WHAT YOU ARE ASKED TO DO.
Return exactly the span of lines in the following data that opens with the line containing "This life expectancy" and closes with the line containing "Al cierre del día de ayer, 17". Include nothing else.

DATA SUPPLIED.
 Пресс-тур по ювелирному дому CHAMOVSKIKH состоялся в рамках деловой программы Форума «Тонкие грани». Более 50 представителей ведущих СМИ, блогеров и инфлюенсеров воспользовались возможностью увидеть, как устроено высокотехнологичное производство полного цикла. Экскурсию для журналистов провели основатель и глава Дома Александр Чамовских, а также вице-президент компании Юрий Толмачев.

...

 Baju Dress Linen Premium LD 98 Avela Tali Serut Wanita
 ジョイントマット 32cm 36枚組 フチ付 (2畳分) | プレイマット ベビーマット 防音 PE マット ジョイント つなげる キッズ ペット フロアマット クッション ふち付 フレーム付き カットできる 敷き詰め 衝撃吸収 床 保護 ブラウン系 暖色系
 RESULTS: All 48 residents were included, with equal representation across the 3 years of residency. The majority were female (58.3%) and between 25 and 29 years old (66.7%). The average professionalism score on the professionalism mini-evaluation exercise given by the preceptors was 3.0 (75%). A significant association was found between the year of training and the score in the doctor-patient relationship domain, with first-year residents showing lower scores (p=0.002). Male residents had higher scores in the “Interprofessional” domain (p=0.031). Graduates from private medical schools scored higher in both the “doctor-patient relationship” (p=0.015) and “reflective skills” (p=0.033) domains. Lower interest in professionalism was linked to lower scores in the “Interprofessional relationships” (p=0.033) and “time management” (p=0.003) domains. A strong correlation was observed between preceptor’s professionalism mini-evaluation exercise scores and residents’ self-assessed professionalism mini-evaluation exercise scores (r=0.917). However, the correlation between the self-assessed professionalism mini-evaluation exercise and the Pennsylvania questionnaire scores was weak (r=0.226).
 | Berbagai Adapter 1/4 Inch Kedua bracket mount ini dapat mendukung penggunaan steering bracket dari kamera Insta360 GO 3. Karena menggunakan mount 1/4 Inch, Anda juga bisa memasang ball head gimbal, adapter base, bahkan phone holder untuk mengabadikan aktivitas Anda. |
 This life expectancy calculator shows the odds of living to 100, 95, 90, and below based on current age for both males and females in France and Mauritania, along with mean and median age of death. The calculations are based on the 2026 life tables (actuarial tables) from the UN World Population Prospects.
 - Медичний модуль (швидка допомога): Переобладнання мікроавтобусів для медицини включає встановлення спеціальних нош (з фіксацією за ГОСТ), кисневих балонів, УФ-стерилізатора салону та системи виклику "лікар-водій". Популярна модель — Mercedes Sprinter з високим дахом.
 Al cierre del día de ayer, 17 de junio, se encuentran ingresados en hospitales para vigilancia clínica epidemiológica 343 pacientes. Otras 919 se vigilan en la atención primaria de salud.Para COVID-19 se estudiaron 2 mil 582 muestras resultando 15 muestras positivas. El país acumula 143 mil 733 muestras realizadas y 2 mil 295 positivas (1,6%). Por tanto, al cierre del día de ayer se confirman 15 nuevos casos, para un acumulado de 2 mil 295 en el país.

--

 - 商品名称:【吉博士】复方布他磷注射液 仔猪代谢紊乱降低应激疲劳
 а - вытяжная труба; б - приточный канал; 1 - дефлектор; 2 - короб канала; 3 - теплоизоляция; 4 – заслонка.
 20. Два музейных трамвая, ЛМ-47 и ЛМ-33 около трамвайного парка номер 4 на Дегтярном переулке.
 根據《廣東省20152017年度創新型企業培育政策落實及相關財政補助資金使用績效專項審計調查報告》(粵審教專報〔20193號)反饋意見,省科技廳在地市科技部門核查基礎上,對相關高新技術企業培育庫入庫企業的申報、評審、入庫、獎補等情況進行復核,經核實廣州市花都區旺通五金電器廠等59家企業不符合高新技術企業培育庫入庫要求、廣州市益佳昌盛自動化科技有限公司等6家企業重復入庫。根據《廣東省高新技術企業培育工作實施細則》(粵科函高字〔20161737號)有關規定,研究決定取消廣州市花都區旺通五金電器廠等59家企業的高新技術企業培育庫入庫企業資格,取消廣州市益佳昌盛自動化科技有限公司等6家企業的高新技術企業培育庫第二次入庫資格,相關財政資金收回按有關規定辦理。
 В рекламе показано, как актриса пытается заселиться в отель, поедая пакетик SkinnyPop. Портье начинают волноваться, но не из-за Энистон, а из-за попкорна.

ANSWER SPACE.
 This life expectancy calculator shows the odds of living to 100, 95, 90, and below based on current age for both males and females in France and Mauritania, along with mean and median age of death. The calculations are based on the 2026 life tables (actuarial tables) from the UN World Population Prospects.
 - Медичний модуль (швидка допомога): Переобладнання мікроавтобусів для медицини включає встановлення спеціальних нош (з фіксацією за ГОСТ), кисневих балонів, УФ-стерилізатора салону та системи виклику "лікар-водій". Популярна модель — Mercedes Sprinter з високим дахом.
 Al cierre del día de ayer, 17 de junio, se encuentran ingresados en hospitales para vigilancia clínica epidemiológica 343 pacientes. Otras 919 se vigilan en la atención primaria de salud.Para COVID-19 se estudiaron 2 mil 582 muestras resultando 15 muestras positivas. El país acumula 143 mil 733 muestras realizadas y 2 mil 295 positivas (1,6%). Por tanto, al cierre del día de ayer se confirman 15 nuevos casos, para un acumulado de 2 mil 295 en el país.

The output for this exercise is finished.